But we have already discussed that we are not really interested how well the model “works training” on the training data, ie. \(\hat{f}(x_i) \approx y_i\). We are more interested in the accuracy of the predictions \(\hat{f}(x_0)\) that are obtained when we apply the model to previously unseen test data \((x_0, y_0)\), ie. \(\hat{f}(x_0) \approx y_0\). In other words, we want to chose the model with the lowest \(test\) \(MSE\) and to do so we need a large enough number of observations in the test data to calculate the mean square prediction error for the test observations (\(x_0\), \(y_0\)), to which we can refer to as the \(test\) \(MSE\).

\[mean(y_0 - \hat{f}(x_0))^2\]

💡 Note that after randomising data we can begin to apply ML to the training data. The remaining test data is put aside and reserved for testing the accuracy of the model.

In statistics nothing is black and white. In other words, nothing is straightforward and there are many considerations one needs to take into account when applying statistical modelling. The same applies in this situation. We need to realise that when a given model yields a small training MSE but a large test MSE, we are said to be overfitting the data. The statistical model is too ‘preoccupied’ to find patterns in the training data and consequently is modelling the patterns that are caused by random effect, rather than by true features of the unknown function \(f\). When the model overfits the training data, the test MSE will be large because the modelled features that the model identifies in the training data just do not exist in the test data. Saying that, regardless of overfitting occurring or not, we expect the training MSE to be smaller than the test MSE, as most of the statistical models either directly or indirectly seek to minimize the training MSE. We need to be aware that the chosen model needs to be flexible and not rigid and glued to the training data.

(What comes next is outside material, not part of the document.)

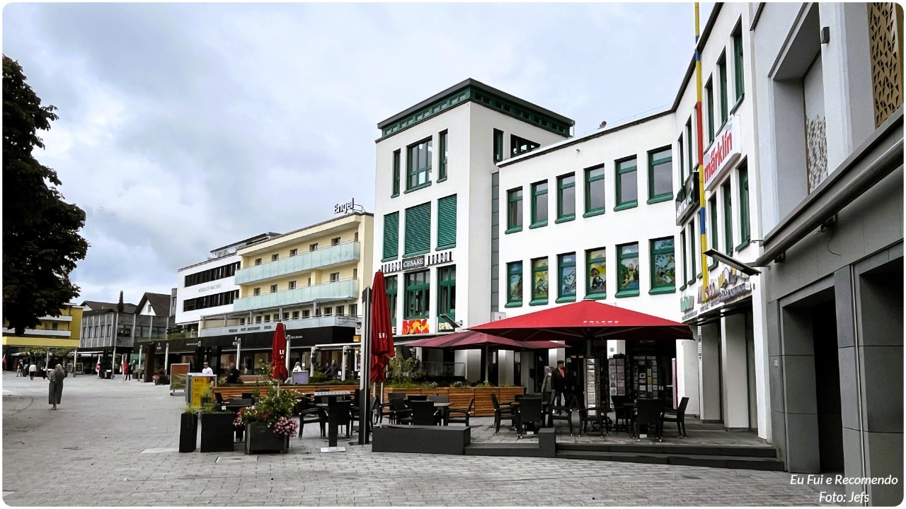 Caminhamos pela Rua Stadtle, a principal rua de pedestres, repleta de lojas, cafés, restaurantes, hotéis e esculturas modernas espalhadas pelo caminho.

Reducible and Irreducible Error: The Bias-Variance Trade-Off

MSE is simple to calculate and yet, despite its simplicity, it can provide us with a vital insight into modelling. It consists of two intrinsic components:

bias
variance

that can provide greater enlightenment about how the model works.

We have talked earlier about variance in general, but we have not explained the idea of bias in statistical term. Bias is the average difference between the estimator \(\hat{y}\) and true value \(y\). Mathematically we write bias as:

\[E[\hat{y} – y]\]

As it is not squared difference, it can be either positive or negative. Positive or negative bias implies that the model is over or under “predicting”, while the value of zero would indicate that the model is likely to predict too much as it is to predict too little. The latter implies that the model can be completely wrong in its prediction and still provide us with the bias of zero. This implies that bias on its own provides little information about how correct the model is in its prediction.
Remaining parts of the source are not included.